Which tool to choose

To start, a simple text file or a notes app is enough: you paste your prompts there and reuse them with copy-paste. If you want something more convenient, many AI tools offer a library of saved prompts or personal instructions, where you store the recurring roles. For those who work in a team, a shared document keeps everyone aligned on the same templates. Start from the text file: it's immediate and doesn't tie you to any platform. Move to the built-in features only when the prompts become many.

How to do it

  1. Identify the prompts you repeat. For a week, every time you get a good result, save the prompt that produced it. The ones that recur are the candidates to become templates.
  2. Break the prompt into fixed parts and variable parts. The structure stays; what changes each time becomes a placeholder. The operational syntax for a professional email template:
Act as an assistant who writes clear and courteous work emails.
Write an email to [RECIPIENT] for [PURPOSE OF THE EMAIL].
Tone: [formal / friendly / direct].
Include these points: [POINT 1], [POINT 2].
Maximum length: [NUMBER] lines. Answer in Italian.
  1. Use obvious placeholders. Square brackets with the text in capitals ([RECIPIENT]) stand out at a glance: no risk of leaving one unfilled.
  2. Add the instructions you always forget. Put in the template the constraints you usually forget: "don't invent data", "answer in Italian", "ask me for what's missing". This way they apply every time without rewriting them.
  3. Give each template a name and collect them. "Client email", "Meeting summary", "Social post": a clear title to find them again. Keep them in a single file divided into sections.

A concrete example

You manage the replies to a shop's reviews. Every time you rewrote the prompt from scratch, with different results. You create a single template: "Act as the shop owner. Reply to this review: [REVIEW TEXT]. Rating: [NUMBER OF STARS]. Acknowledge the specific point, thank, no clichés, maximum five lines, warm and professional tone." From then on you paste the review into the placeholder and get replies that are consistent with each other, in the same style, in a few seconds. When you find a better wording, you correct it in the template once and it applies to all future replies. The work done once works for you every day.

When it does NOT work (and how to fix it)

If the template gives flat results on particular cases

A template covers the typical case, not every exception. Fix: keep it as a base and add the specific instruction by hand when the case requires it ("...this review, however, alleges a serious hygiene problem: take it seriously and don't downplay it").

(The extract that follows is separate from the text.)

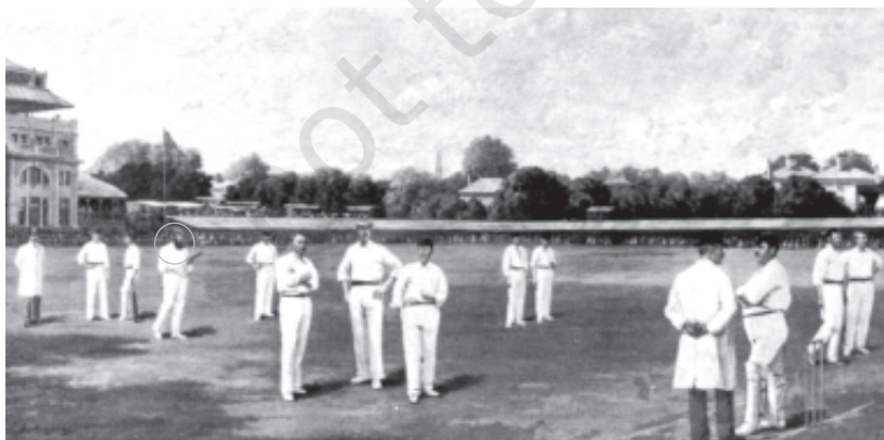
Fig.6 – The legendary batsman W.G. Grace coming out to bat at Lord’s in 1895. He was playing for the Gentlemen against the Players.

But in the matter of protective equipment, cricket has been influenced by technological change. The invention of vulcanised rubber led to the introduction of pads in 1848 and protective gloves soon afterwards, and the modern game would be unimaginable without helmets made out of metal and synthetic lightweight materials.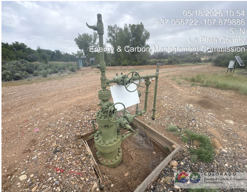
7. Back view of wellhead looking north.

If you end up with dozens of templates and can't find the right one

The library grows and becomes chaotic. Fix: group them by area (work, social, study), put the three you use most at the top, and delete the ones you haven't opened in months. A small, curated set beats a bloated archive.

If the same template works well on one tool and badly on another

AI models react a little differently to instructions. Fix: keep the template generic and, if you change tools, run a test and tweak the constraints that aren't respected, instead of taking for granted that it works identically everywhere.

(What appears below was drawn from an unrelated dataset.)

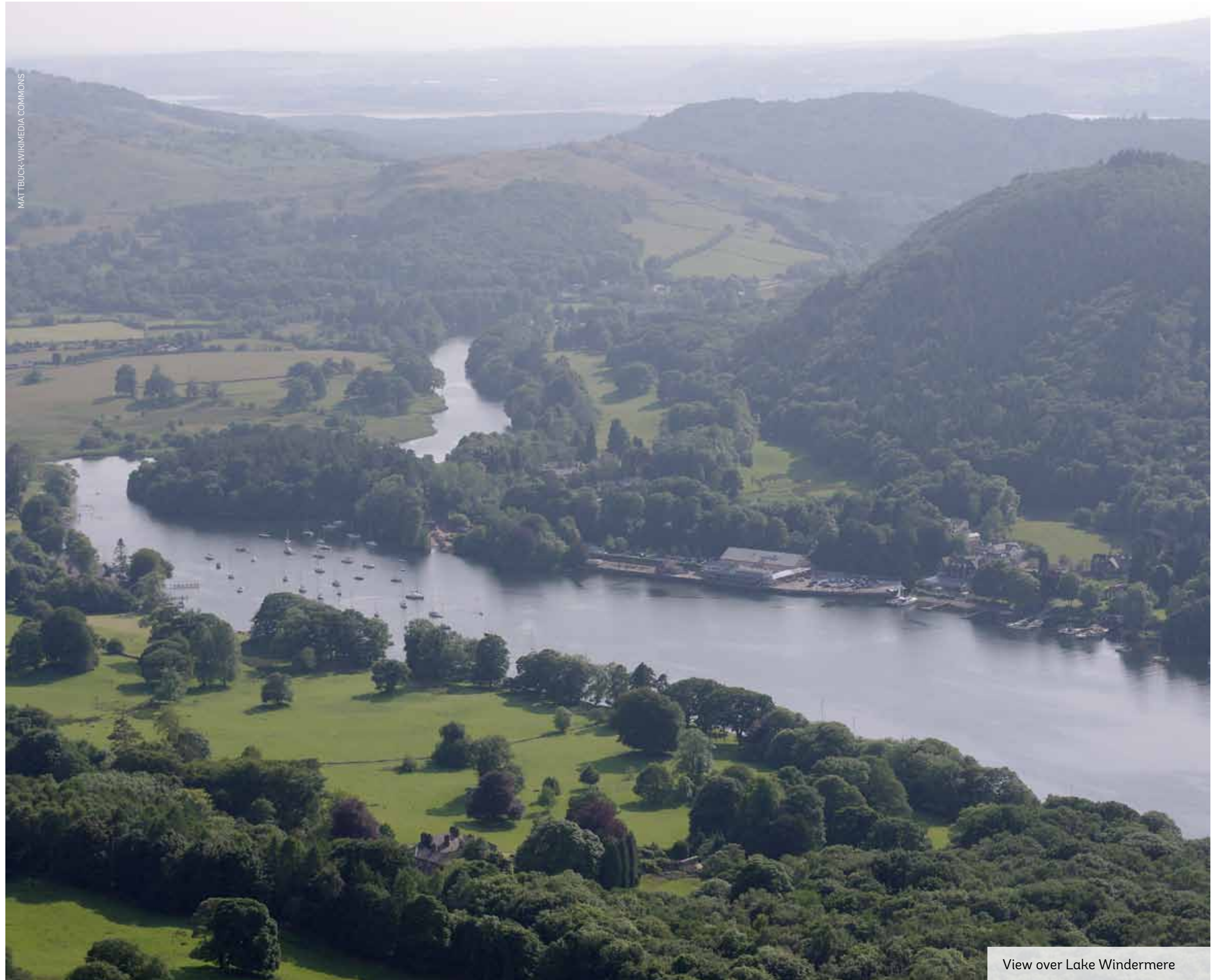
View over Lake Windermere

There have been many challenges along the way though. For example, working with such a large number of third-party landowners on one project has been complex. Many of the woods either changed ownership or manager over the course of the project. There have also been major changes

A tip from someone who really uses it

The value isn't in the perfect template written at a desk, but in improving it with each use. When a saved prompt gives you a slightly wrong result, don't just fix that answer: correct the template. After a month of small corrections you'll have a handful of sharp prompts that produce what you want on the first try. It's an investment that pays for itself, one placeholder substitution at a time.

Frequently asked questions

Where is it best to save my prompts?

For maximum freedom, a text file or a notes app that you open anywhere: you don't depend on a platform. For convenience, the saved-prompts features or the personal instructions of the tool you use most. Many keep both: the file as the main archive, the personal instructions for the two or three daily roles.

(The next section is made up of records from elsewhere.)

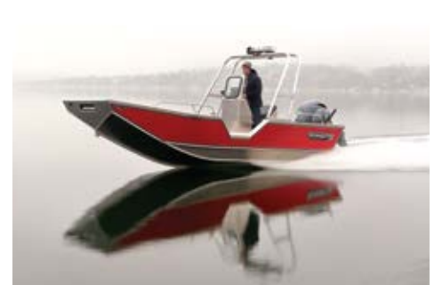
20' Skagit shown with agency options* *All boats pictured contain optional equipment

Wooldridge Boats exclusive jet tunnel offers the best in shallow water running and handling in challenging river running conditions. The tunnel allows the jet foot to be raised for protection, a clean water feed and ram effect. It also provides traction for controlled and predictable performance in tight quarters.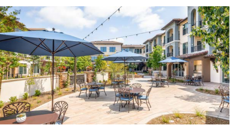
COURTYARD AT SANTIANNA - CARLSBAD, CA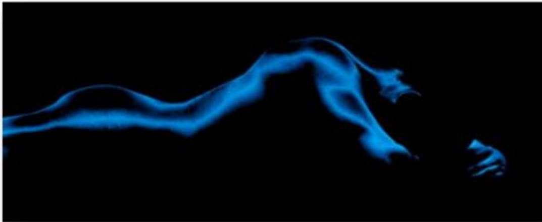
Arthur Takayama, Electric Blue , Photograph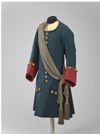
Image 5: The uniform of Peter I modeled on the officers' uniform of the Preobrazhenskii Life Guards Regiment, Russia, 1701-1709. Length of the back – 116cm. Inventory Number ERT-16753.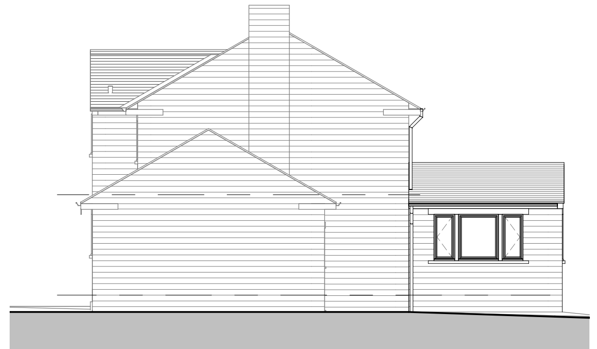
South Proposed 1 : 100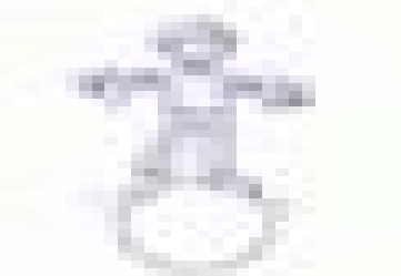
4. The boy and girl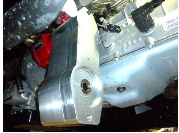
Bolt the "HYDRA-DRIVE" to the PTO*

How many placeholders should I put?

Only the ones that really change every time. Too many placeholders make the template tiring to fill in and remove the speed advantage. If a value is almost always the same, write it fixed in the template and change it by hand in the rare different cases.

Does always using the same templates flatten the results?

That's the risk only if you never update them. A static template produces repetitive results; a template you correct when it goes wrong improves over time. And nothing stops you from starting from the template and then adding the case-specific touch by hand: the template is a springboard, not a cage.